Like NLB, load balancers execute periodic probes to verify the availability of the underlying Exchange servers. Their probes, however, are usually more advanced and are therefore a better way to determine a server's health. If a server is found to be unavailable, the server is taken out of the array and new client requests won't be forwarded to that server until it's repaired.

Layer 4 or Layer 7?

The OSI model conceptually describes how network communication systems should interact by breaking the communication flow into seven distinct layers. Each layer represents a specific function. Layer 4 corresponds to the transport layer, which describes the ability to reliably transfer packets between nodes on the network. A good example of a Layer 4 protocol is TCP. Layer 7 is the application layer. It interacts with the software that communicates across the network. HTTP is a good example of a Layer 7 protocol.

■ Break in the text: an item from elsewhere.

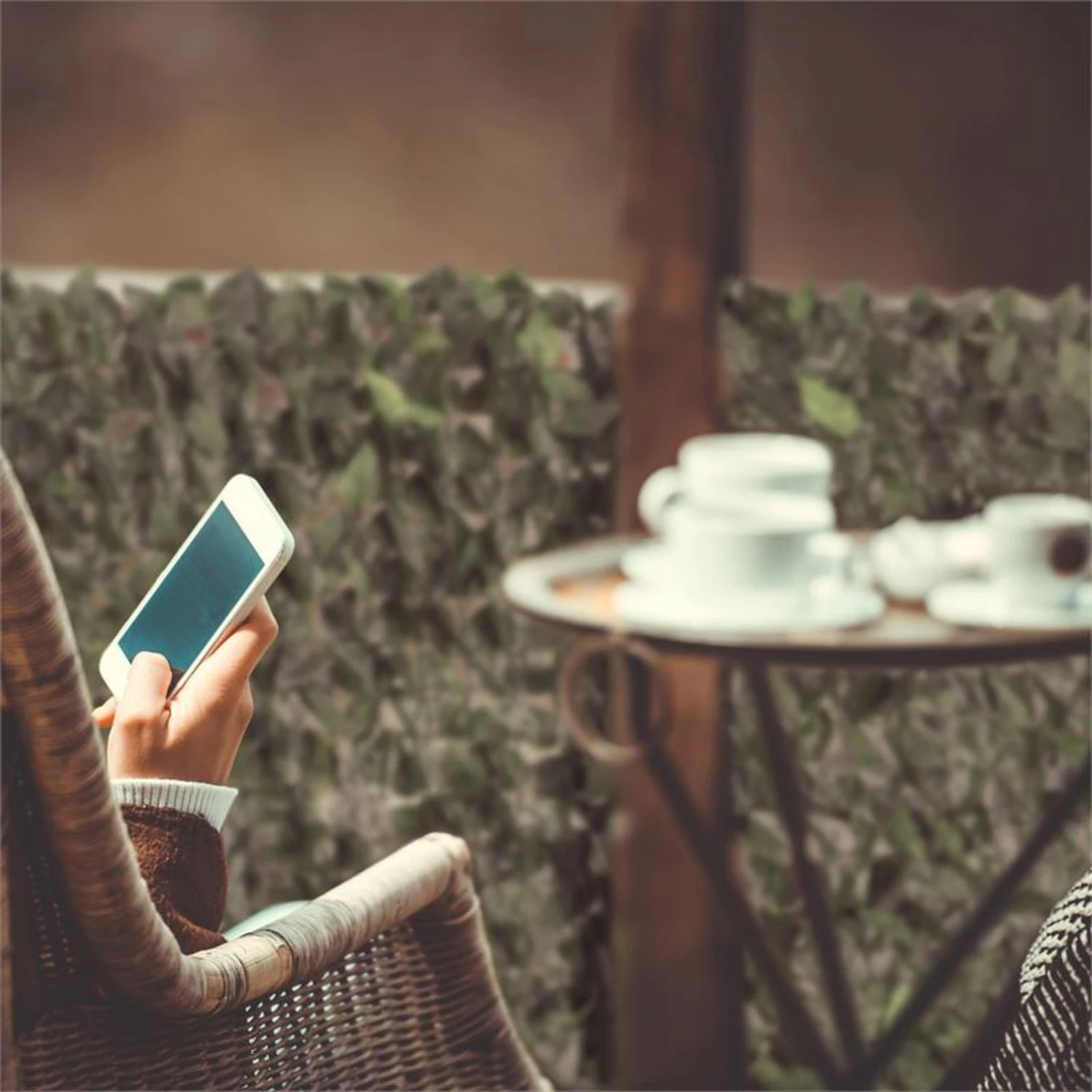 Schnell und unkompliziert wird der 3 m lange und 1,5 m hohe Sichtschutz einfach an den zu verdeckenden Geländern, Brüstungen oder Zäunen entlang ausgerollt und mit Flexbindern (im Lieferumfang enthalten) sicher befestigt. Ein dichtes, grünes Kleid aus rund 2700 Blättern versperrt neugierigen Nachbarn und Passanten den Blick und ziert gleichzeitig den Ruheort. Zusätzlich dienen die Blätter als Windfang und dämpfen Straßenlärm, was für zusätzliche Entspannung sorgt.

In the load-balancing world, when a device operates at Layer 4, it will only be able to perform simple actions such as receiving and forwarding traffic. At Layer 7, however, a device can take interact with the higher-level protocols such as HTTP or SMTP, opening up a range of possibilities including the ability to read and modify URLs on the fly.

When Exchange 2013 was released, Microsoft stated that it would work with both Layer 4 and Layer 7 load balancing. This news traveled fast but also created a lot of questions. While it's true that Exchange 2013 (unlike Exchange Server 2010) works happily on Layer 4, it might not be the best solution. Let me explain why.

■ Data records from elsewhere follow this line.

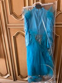 Vestito da fata turchina per bambina Con cappellino Misure: Dalla spalla 108 cm Dal colletto 104 cm Manica 50 cm Collo 15 cm
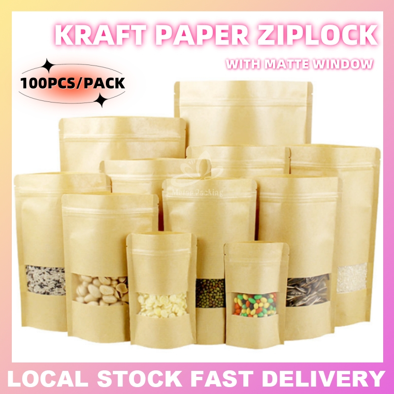 100PCS Kraft Paper Ziplock Zipper Stand Pouch for Gifts/Nuts/Cookies/Tea Kraft Ziplock Bag
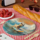 Biewer Terrier Beach Surfing Painting Paper Plate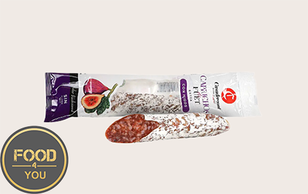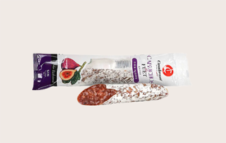 Ковбаса Фует Міні з інжиром 80 г в/у – це вишуканий делікатес, що поєднує в собі традиційний іспанський фует і солодкі нотки натурального інжиру. Виготовлена з добірного м’яса з додаванням прянощів, ця ковбаса проходить процес природного дозрівання, що надає їй характерного смаку, щільної текстури та благородної білої плісняви на поверхні. Інжир додає легку фруктову солодкість, яка гармонійно підкреслює смак м’яса. Ідеально підходить для сирних тарілок, закусок або як оригінальне доповнення до вина. Вакуумне пакування 80 г зручно для зберігання та використання.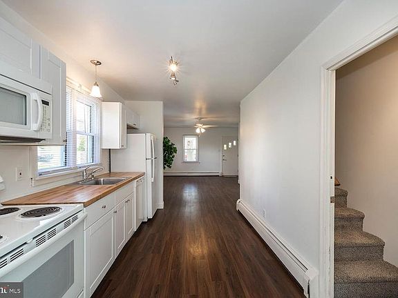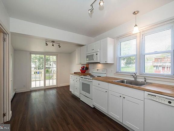 This one just shot to the top of your list! Remodeled bungalow with all new wiring and electric panel. Newly insulated. Walk on to an adorable front porch, perfect to rock on. Walk into the open floor plan that includes living room, dining, and kitchen. Eye-catching new dark hardwood snap-in vinyl that wears well and looks great and enhances this home throughout the 1st floor. New kitchen with white cabinets, butcher block countertops, white dishwasher, glass-topped oven, built-in microwave, and refrigerator. Track lighting, new sliding glass door that opens to the new 9 x 9 deck. 2 first floor bedrooms and a remodeled hall bath with new tub, vanity and toilet. Upstairs has a large bedroom with new carpet and a new full bath with tile shower and floor. Basement is unfinished. laundry in the basement and generator (genarac) so you won't get stuck without power (buyer needs to hook up and propane bottle). Off street parking in back. Cute yard. Convienent to shopping and great Pottstown restaurants.

Load balancing on Layer 4 is, in essence, a very simple way of handling things. The load balancer makes its forwarding decisions based only on the IP address and port on which it received the client's connection request. The load balancer isn't concerned about the type of traffic passing through. For example, it doesn't care whether someone is connecting with Outlook Web App (OWA) or Outlook Anywhere.

Making things simpler is usually a good thing, as reducing complexity typically means smoother operations. However, in this particular case, load balancing on Layer 7 proves to be more robust, at least from a service availability point of view.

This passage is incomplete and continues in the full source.